Does the Name ‘Senenmut’ Reflect the Hebrew ‘Solomon’?


Damien F. Mackey



Because, according to my historical reconstruction, Senenmut of 18th Dynasty Egypt

was King Solomon.



Senenmut in hieroglyphs




The name ‘Senenmut’ has variations (http://www.ancientegyptonline.

“Senenmut (literally “mother’s brother” sometimes transliterated as Senemut or Senmut) was one of the most powerful and famous (or infamous) officials of ancient Egypt. At the height of his power he was the Chief Steward of Amun, Tutor to the Princess Neferure and confidant (and possibly lover ) of the pharaoh Hatshepsut. However, both his early career and the circumstances surrounding his death and burial are obscure”.

 [End of quote]

In “The House of David” ( I wrote concerning the name and possibly also an Egyptianised King Solomon:

“…. Peter James and David Rohl, British revisionists, have each proposed that an ivory found at Megiddo, one of Solomon’s forts in Israel, “showing a monarch holding court”, may actually be a depiction of Solomon himself and his queen in Egyptian guise.

Megiddo it should be noted was one of Solomon’s great forts in northern Israel, where Solomon had, writes James [2010], built a “monumental palace compound” (1.Kings 9:15). And it was at the site of Megiddo that the “material culture of Palestine at the end of the Late Bronze Age [Solomon’s era by the revision] is best seen”. The ivory plaque, says James:

… is of particular interest. [The monarch] is seated on a throne decorated with sphinxes. If it was intended to represent a specific rather than an idealized ruler, would it be too much to imagine that in this ivory we actually have a depiction of the Egyptianized King Solomon?

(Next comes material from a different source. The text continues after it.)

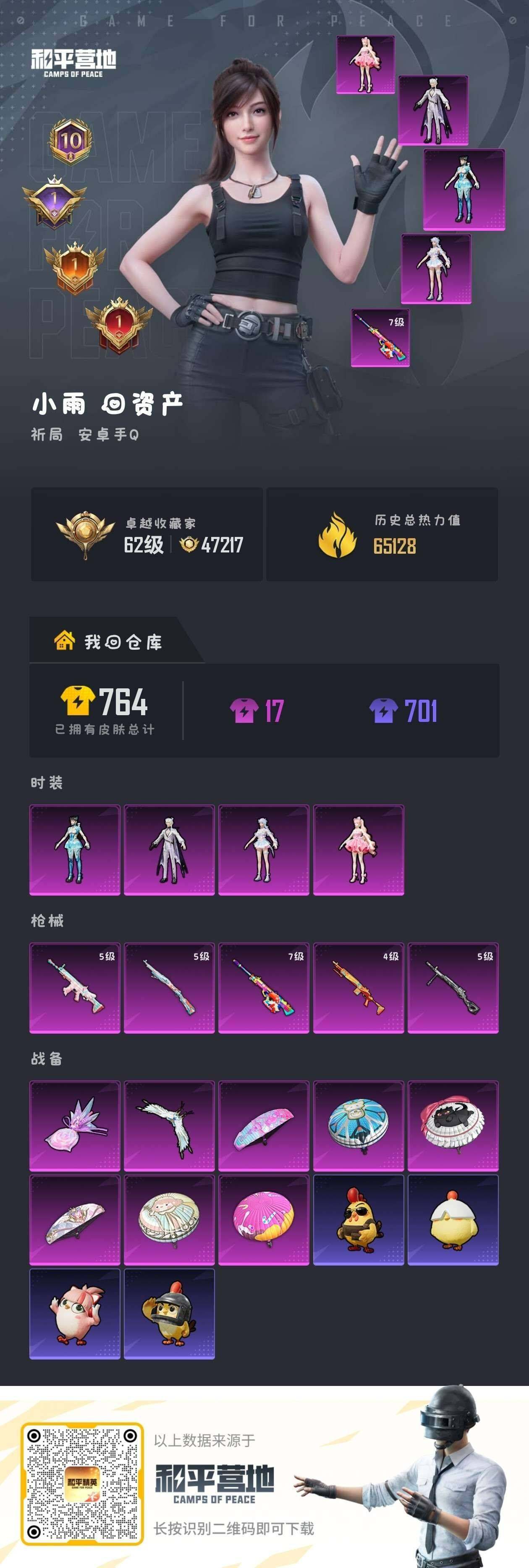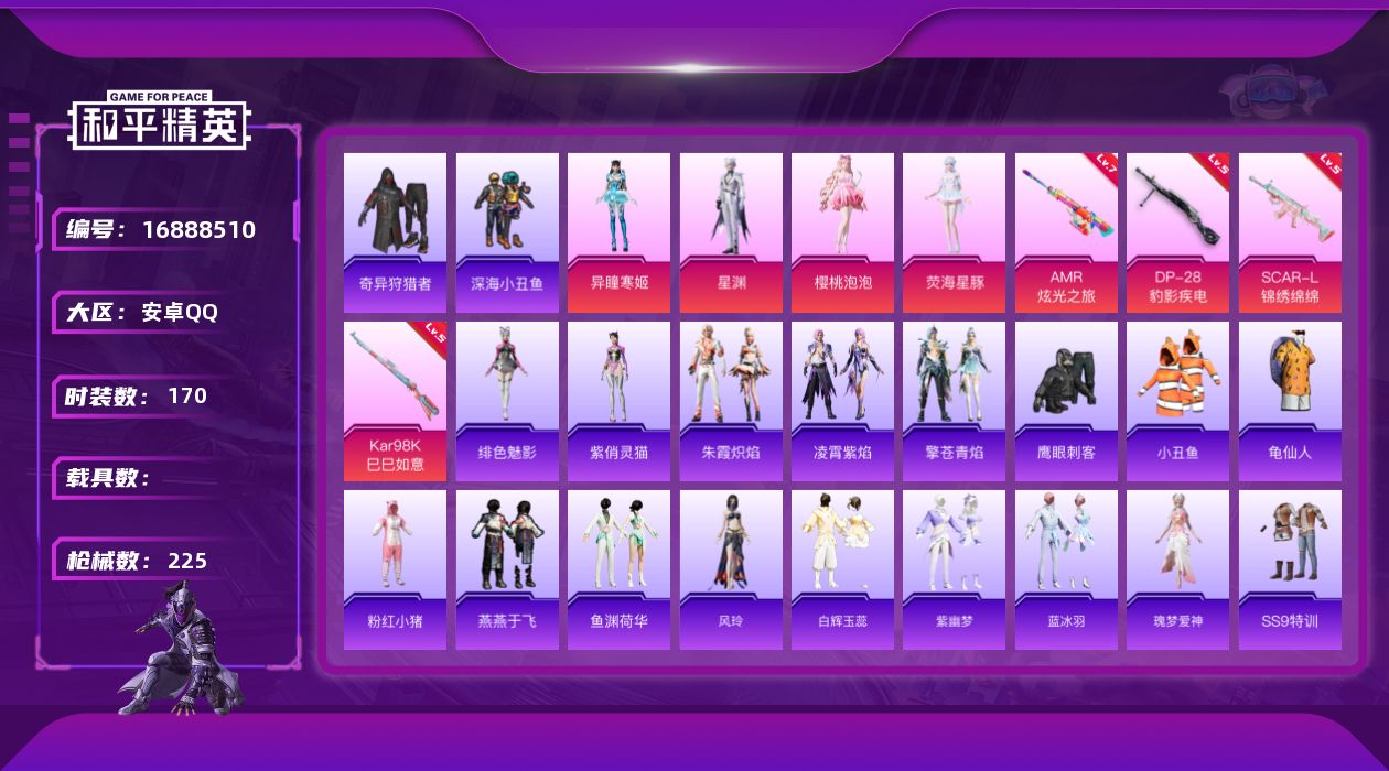 [16888510]安卓 手Q-4粉装-5特效枪-0载具-2粉色飞行器-65148热力值-10王牌印记-170套装-225枪皮

Now Rohl (who has apparently fallen out so badly with James that they no longer refer to each other’s writings) gives his descriptive account of this amazing item [2020], arriving at the same sort of conclusion as had James:

To the right the king arrives in his chariot, driving before him Shasu captives; in the center is an intimate cameo of the same ruler, seated upon his throne with his queen and lyre player standing before him; to the left, behind the king, two courtiers attend to the royal couple’s needs. Now let us pick out what might be interpreted as Egyptian elements in the scene. First, above the chariot horses is a winged sun-disk; second, the queen offers a lotus flower to her husband; and third the king is seated upon a throne, the sides of which are guarded by winged sphinxes (i.e. human-headed lions). Surrounding the monarch we see three doves – a well known motif of peace, Solomon married an Egyptian princess; he had ‘a great ivory throne’ made for him which was protected by ‘lions’ on either side [1.Kings 10:18-20]; his traditional name means ‘peaceful’.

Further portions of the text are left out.